[Task details]:
Without the pictures, retype each line below exactly as it stands.

::: Supplied material :::

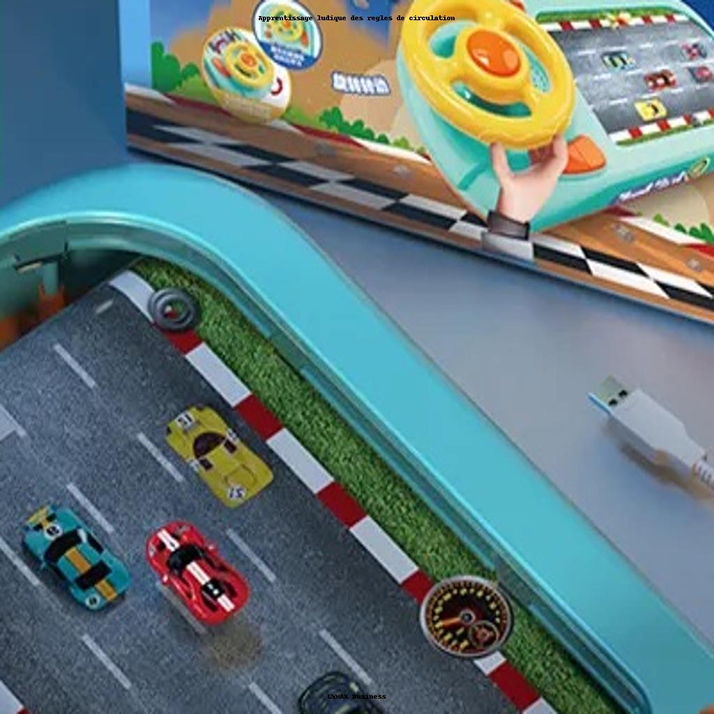 Grâce aux routes, voitures (police 🚓, ambulance 🚑, voiture de course 🏎️) et feux tricolores, il découvre les bases de la circulation.
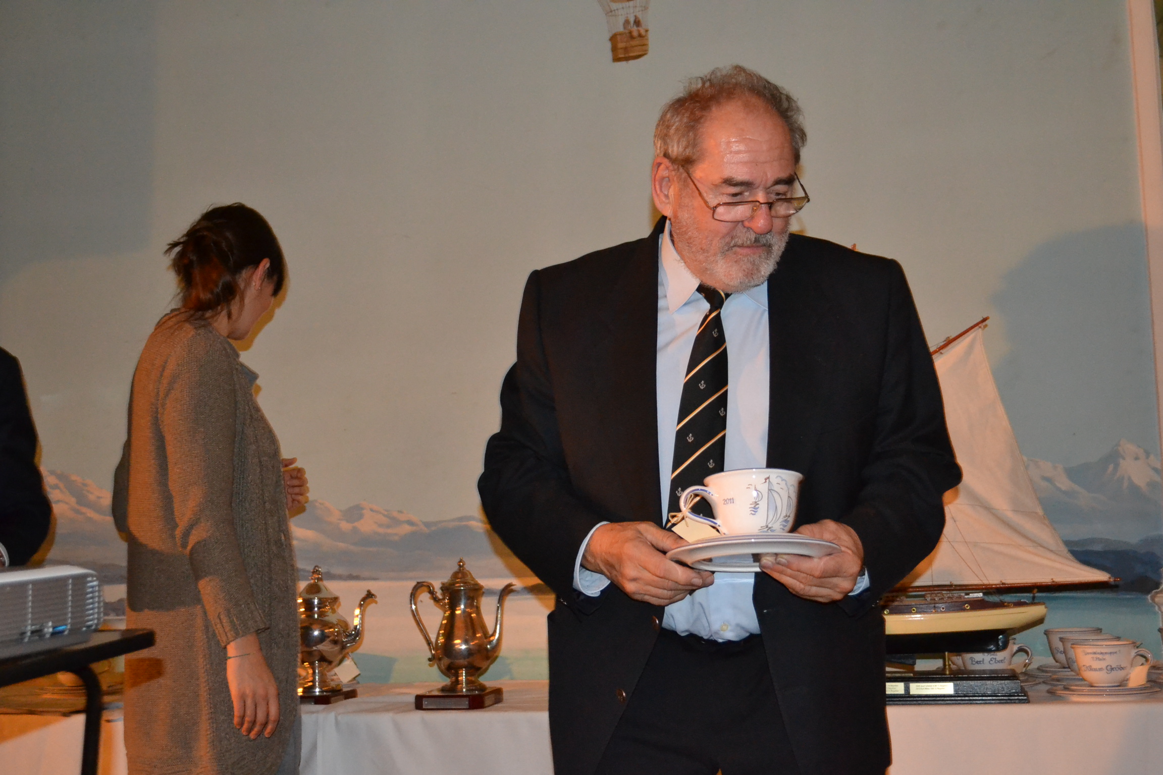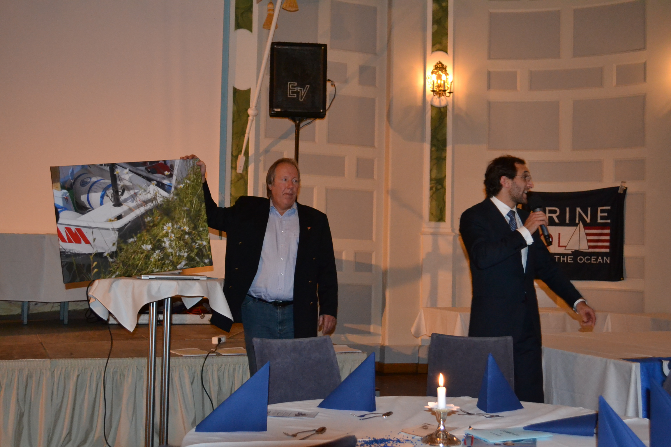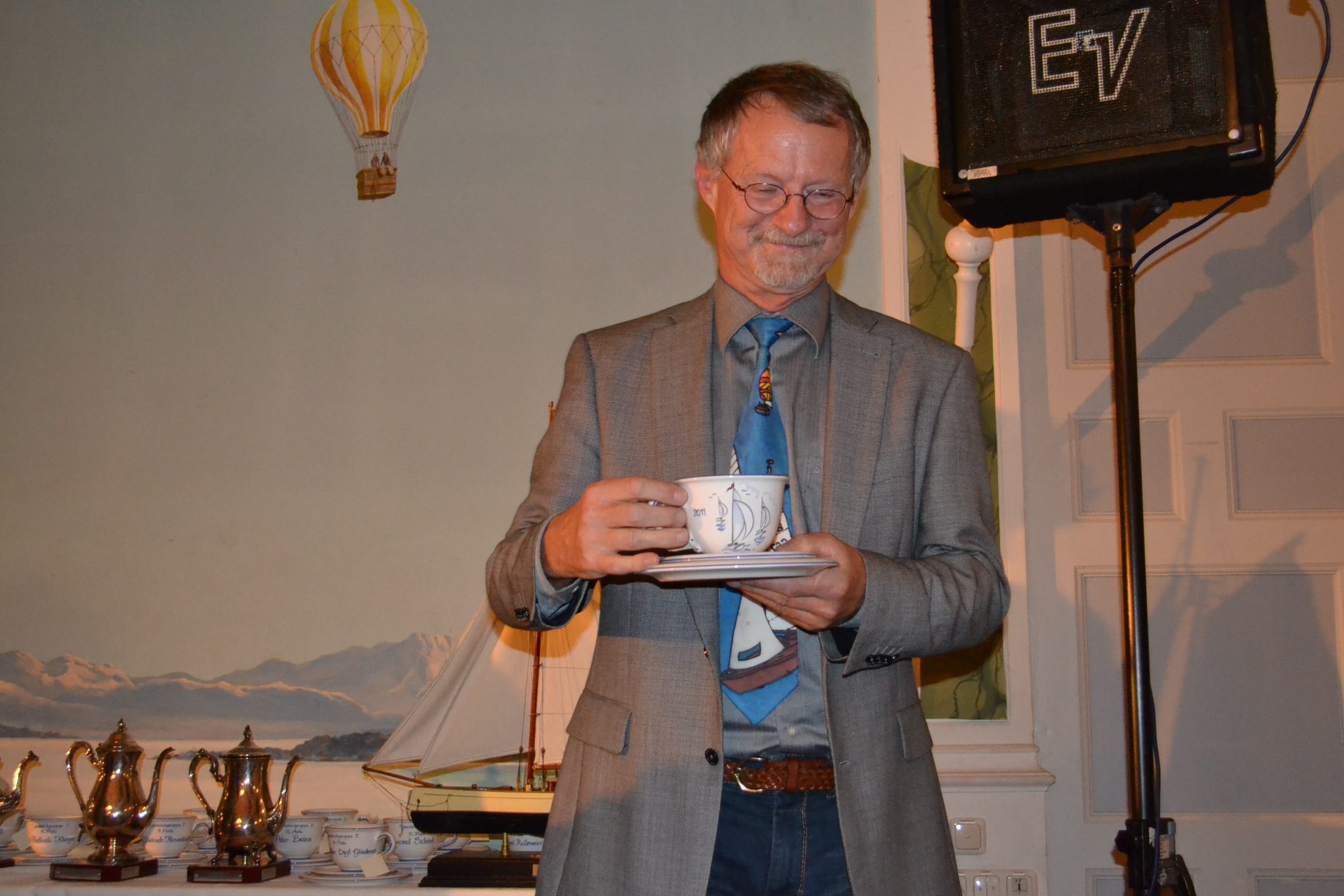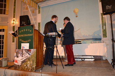 Michael Willberg zeigt Türn-Bilder vom 2010 ersteigerten Schiff der Firma Sun Charter, die auch in diesem Jahr wieder diesen Preis gestiftet hat. |
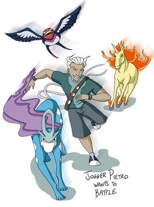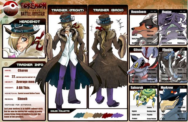 Yoichi is a professional dominator* who stumbled into Pokemon training as a sideline after one of his clients accidentally left behind a pokeball containing Chimecho. Underneath the leather and whip and four-plus-inch heels, he is actually a very nice, silly guy. His dominator alter ego is MISTRESS FLAMINGO. (You should see the ALTERNATE alternate outfit for that, hoho.)
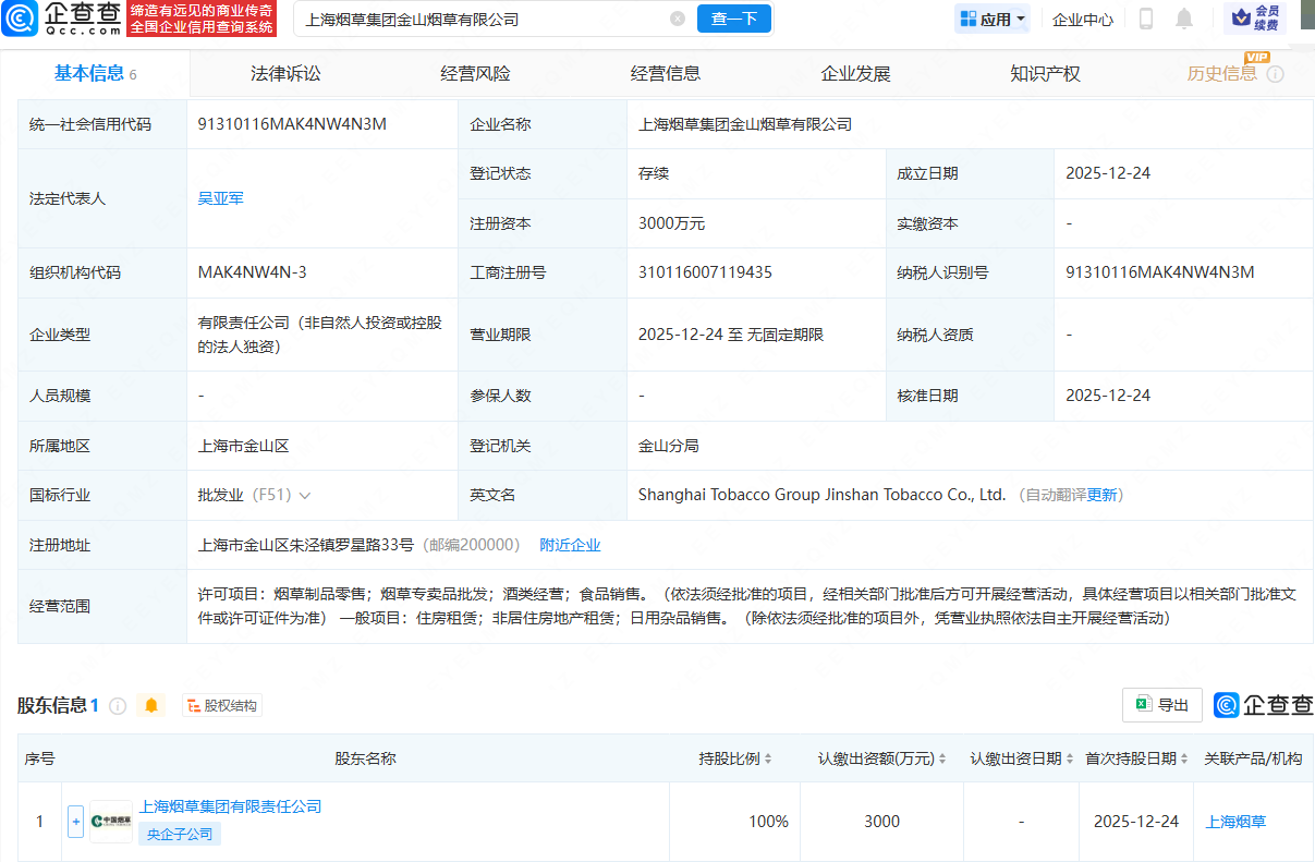 企查查APP显示,近日,上海烟草集团金山烟草有限公司、上海烟草集团静安烟草有限公司成立,注册资本均为3000万元,经营范围均包含:烟草制品零售;烟草专卖品批发;酒类经营;食品销售等。企查查股权穿透显示,两公司均由上海烟草集团有限责任公司全资持股。
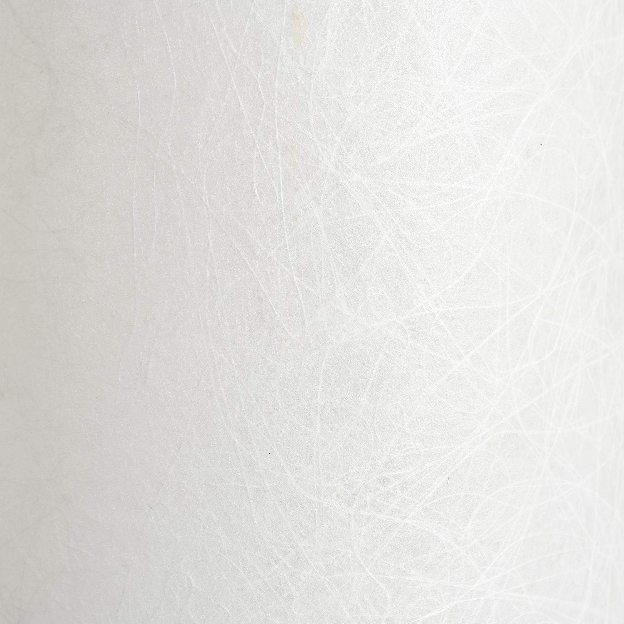 Diffuseur cylindrique en papier de riz monté sur une structure en métal laqué noir reposant sur un piétement tripode. La matière fibreuse du papier filtre la lumière et crée une diffusion douce et homogène. L'ensemble présente une silhouette épurée, caractéristique des luminaires européens de la période.
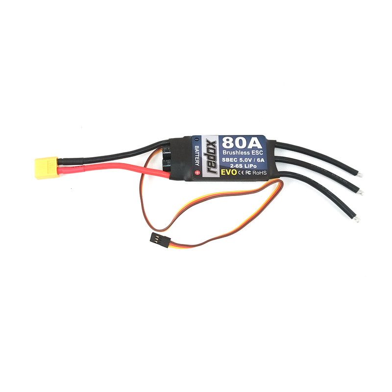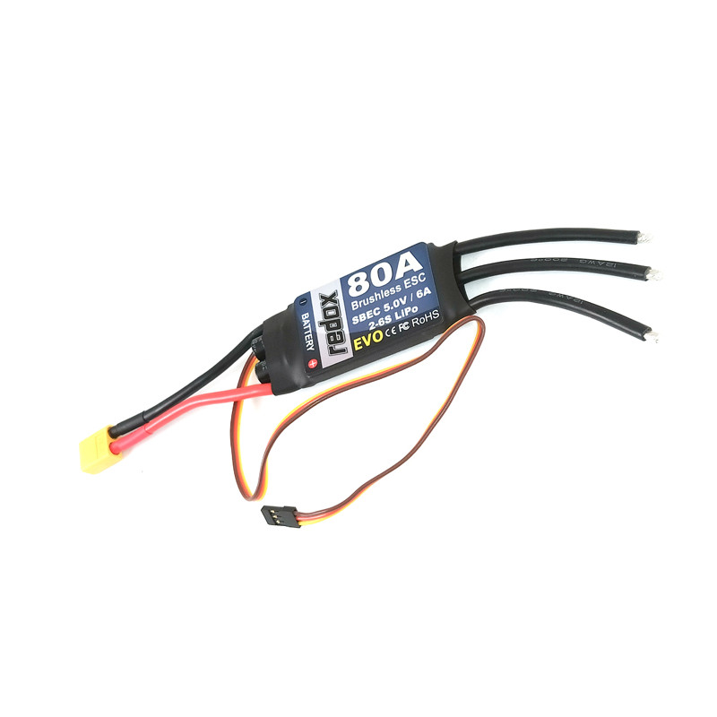 Uniwersalny regulator Redox EVO 80A do silników bezszczotkowych przeznaczony do użytku w modelach samolotów i helikopterów.
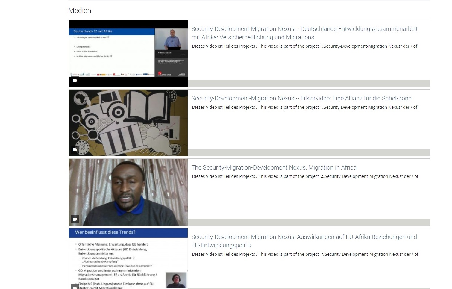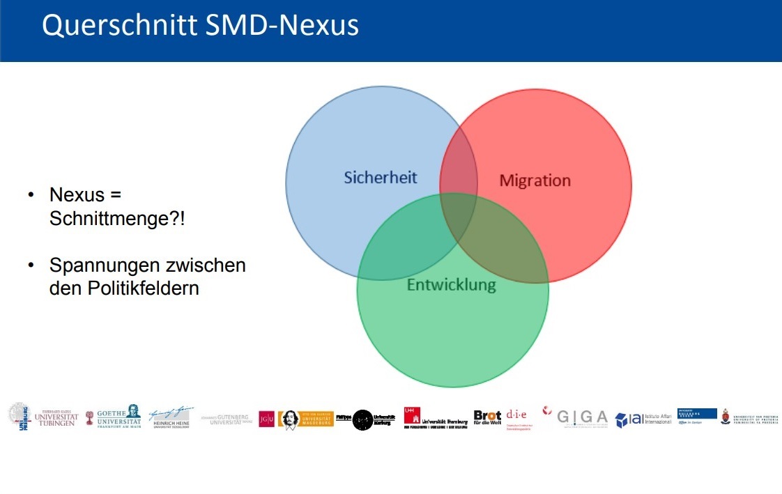 Einführung | Politikfeldanalyse I: Sicherheit und EntwicklungIn diesem Modul werden die zentralen Erkenntnisse des Zusammenhängens von Entwicklungszusammenarbeit und Sicherheit präsentiert. Versicherheitlichungstendenzen spielen insbesondere in der Entwicklungszusammenarbeit eine gewichtige Rolle und sollen hierbei rekonstruiert werden. <br> | Politikfeldanalyse II: Sicherheit und MigrationSpätestens seit der Flüchtlingskrise findet sich ein stärkerer Zusammenhang zwischen Migration und Sicherheit. So verknüpfen hochrangige PolitikerInnen Migration mit der Unsicherheit von Jobs, Bedrohung von Identität oder auch Terrorismus. Ob tatsächlich eine Versicherheitlichung von Migration stattfindet, wird im folgenden Modul mithilfe einer Analyse von zwei Reden, von Horst Seehofer und Theresa May, untersucht. | Der Security-Development-Migration Nexus in AfrikaIn diesem Modul werden die drei Politikfelder Sicherheit, Migration und Entwicklung zueinander in Beziehung gesetzt und als trilateraler Nexus behandelt. Im Zentrum steht dabei die praktische Manifestation von Versicherheitlichung, welche anhand von Fallbeispielen aus dem afrikanischen Kontext betrachtet wird. | Deutschland als Akteur im NexusIn diesem Modul geht es darum, wie der Nexus aus deutscher Sicht wahrgenommen wird und wie die deutsche Politik auf ihn reagiert. Neben der seit den 1990er Jahren bestehenden Verknüpfung von enwicklungs- und sicherheitspolitischen Fragen gewann in jüngerer Zeit der Aspekt der Migration massiv an Bedeutung. Inwiefern sich seine Wahrnehmung aufgrund von Prozessen der Versicherheitlichung verändert hat, wird im Folgenden aus verschiedenen wissenschaftlichen Perspektiven und anhand von Fallbeispielen bewertet. |

:::

[Task solution]:
 Grâce aux routes, voitures (police 🚓, ambulance 🚑, voiture de course 🏎️) et feux tricolores, il découvre les bases de la circulation.
 Michael Willberg zeigt Türn-Bilder vom 2010 ersteigerten Schiff der Firma Sun Charter, die auch in diesem Jahr wieder diesen Preis gestiftet hat. |
 Yoichi is a professional dominator* who stumbled into Pokemon training as a sideline after one of his clients accidentally left behind a pokeball containing Chimecho. Underneath the leather and whip and four-plus-inch heels, he is actually a very nice, silly guy. His dominator alter ego is MISTRESS FLAMINGO. (You should see the ALTERNATE alternate outfit for that, hoho.)
 企查查APP显示,近日,上海烟草集团金山烟草有限公司、上海烟草集团静安烟草有限公司成立,注册资本均为3000万元,经营范围均包含:烟草制品零售;烟草专卖品批发;酒类经营;食品销售等。企查查股权穿透显示,两公司均由上海烟草集团有限责任公司全资持股。
 Diffuseur cylindrique en papier de riz monté sur une structure en métal laqué noir reposant sur un piétement tripode. La matière fibreuse du papier filtre la lumière et crée une diffusion douce et homogène. L'ensemble présente une silhouette épurée, caractéristique des luminaires européens de la période.
 Uniwersalny regulator Redox EVO 80A do silników bezszczotkowych przeznaczony do użytku w modelach samolotów i helikopterów.
 Einführung | Politikfeldanalyse I: Sicherheit und EntwicklungIn diesem Modul werden die zentralen Erkenntnisse des Zusammenhängens von Entwicklungszusammenarbeit und Sicherheit präsentiert. Versicherheitlichungstendenzen spielen insbesondere in der Entwicklungszusammenarbeit eine gewichtige Rolle und sollen hierbei rekonstruiert werden. <br> | Politikfeldanalyse II: Sicherheit und MigrationSpätestens seit der Flüchtlingskrise findet sich ein stärkerer Zusammenhang zwischen Migration und Sicherheit. So verknüpfen hochrangige PolitikerInnen Migration mit der Unsicherheit von Jobs, Bedrohung von Identität oder auch Terrorismus. Ob tatsächlich eine Versicherheitlichung von Migration stattfindet, wird im folgenden Modul mithilfe einer Analyse von zwei Reden, von Horst Seehofer und Theresa May, untersucht. | Der Security-Development-Migration Nexus in AfrikaIn diesem Modul werden die drei Politikfelder Sicherheit, Migration und Entwicklung zueinander in Beziehung gesetzt und als trilateraler Nexus behandelt. Im Zentrum steht dabei die praktische Manifestation von Versicherheitlichung, welche anhand von Fallbeispielen aus dem afrikanischen Kontext betrachtet wird. | Deutschland als Akteur im NexusIn diesem Modul geht es darum, wie der Nexus aus deutscher Sicht wahrgenommen wird und wie die deutsche Politik auf ihn reagiert. Neben der seit den 1990er Jahren bestehenden Verknüpfung von enwicklungs- und sicherheitspolitischen Fragen gewann in jüngerer Zeit der Aspekt der Migration massiv an Bedeutung. Inwiefern sich seine Wahrnehmung aufgrund von Prozessen der Versicherheitlichung verändert hat, wird im Folgenden aus verschiedenen wissenschaftlichen Perspektiven und anhand von Fallbeispielen bewertet. |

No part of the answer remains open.